= Life's Little Ironies =

1894 collection of tales by Thomas Hardy

First edition
(publ. Osgood, McIlvaine and Co.)

Life's Little Ironies is a collection of tales written by Thomas Hardy, originally published in 1894, and republished with a slightly different collection of stories, for the Uniform Edition in 1927/8.

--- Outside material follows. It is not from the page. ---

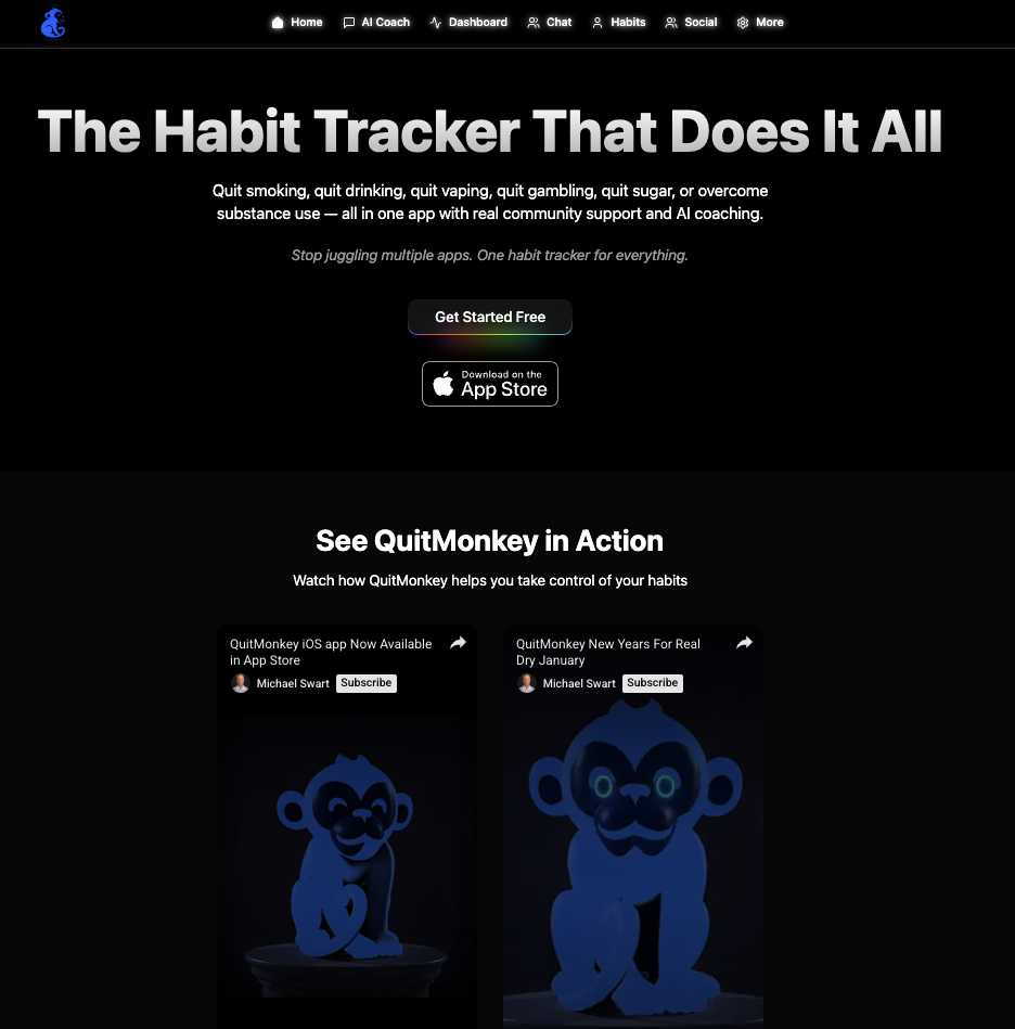 QuitMonkey is a modern habit platform designed to help people manage multiple habits in real life, not just one problem at a time.
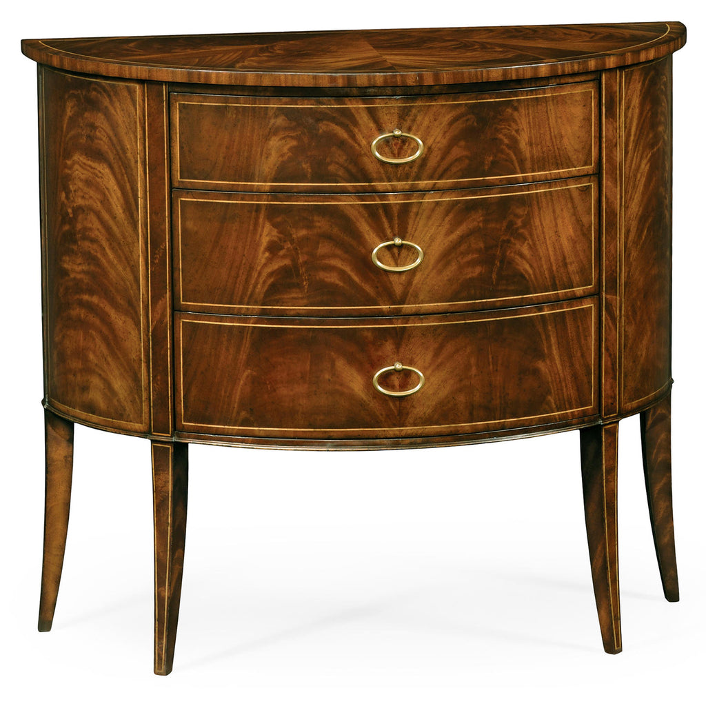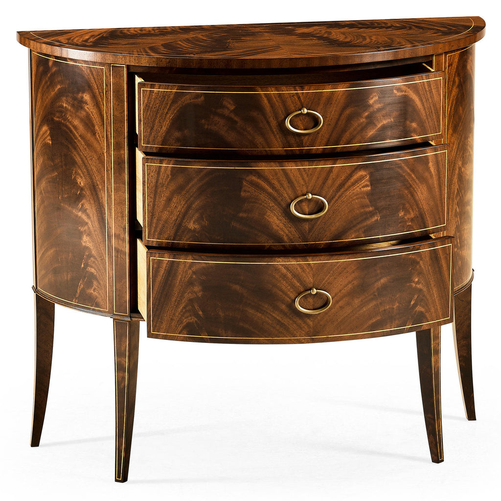Elegant Biedermeier inspired demilune chest of three drawers veneered in crotch mahogany with contrasting stringing inlay raised on tapering sweeping legs with matching inlays.

Life's Little Ironies was published by Osgood, McIlvaine and Co. on 22 February 1894. The American edition was published by Harper & Brothers in March 1894. All the stories in the collection had previously appeared in serialised form.

==1927 edition contents==

- An Imaginative Woman
- The Son's Veto
- For Conscience' Sake
- A Tragedy Of Two Ambitions
- On the Western Circuit
- To Please His Wife
- The Fiddler of the Reels
- A Few Crusted Characters—
  - Introduction
  - Tony Kytes, the Arch-Deceiver
  - The History of the Hardcomes
  - The Superstitious Man's Story
  - Andrey Satchel and the Parson and Clerk
  - Old Andrey's Experience as a Musician
  - Absent-Mindedness in a Parish Choir
  - The Winters and the Palmleys
  - Incident in the Life of Mr. George Crookhill
  - Netty Sargent's Copyhold

There is a Prefatory Note to the revised edition, written by the author, which says this of the above contents:
“Of the following collection the first story, ‘An Imaginative Woman’, originally stood in Wessex Tales, but was brought into this volume as being more nearly its place, turning as it does upon a trick of Nature, so to speak, a physical possibility that may attach to a wife of vivid imaginings, as is well known to medical practitioners and other observers of such manifestations. The two stories named ‘A Tradition of Eighteen Hundred and Four’ and 'The Melancholy Hussar of the German Legion’, which were formerly printed in this series, were also transferred to Wessex Tales, where they more naturally belong.
The above alterations were first made in the Uniform Edition in 1927. The present narratives and sketches, though separately published at various antecedent dates, were first collected and issued in a volume in 1894. T.H.”

The original collection came out as a pocket edition in 1907 (reprinted nine times); the 1927 revision was reset and issued 1928 (reprinted 1929, 1937, 1953). Six of the stories (excluding "To Please His Wife" and "A Few Crusted Characters") appeared in the Penguin Classic The Fiddler of the Reels and Other Stories.

==Film and TV adaptations==

Two of the short stories were adapted as one-off TV dramas by the BBC in the 1973 anthology Wessex Tales:
- A Tragedy of Two Ambitions (21 November 1973 / BBC2)
- An Imaginative Woman (28 November 1973 / BBC2).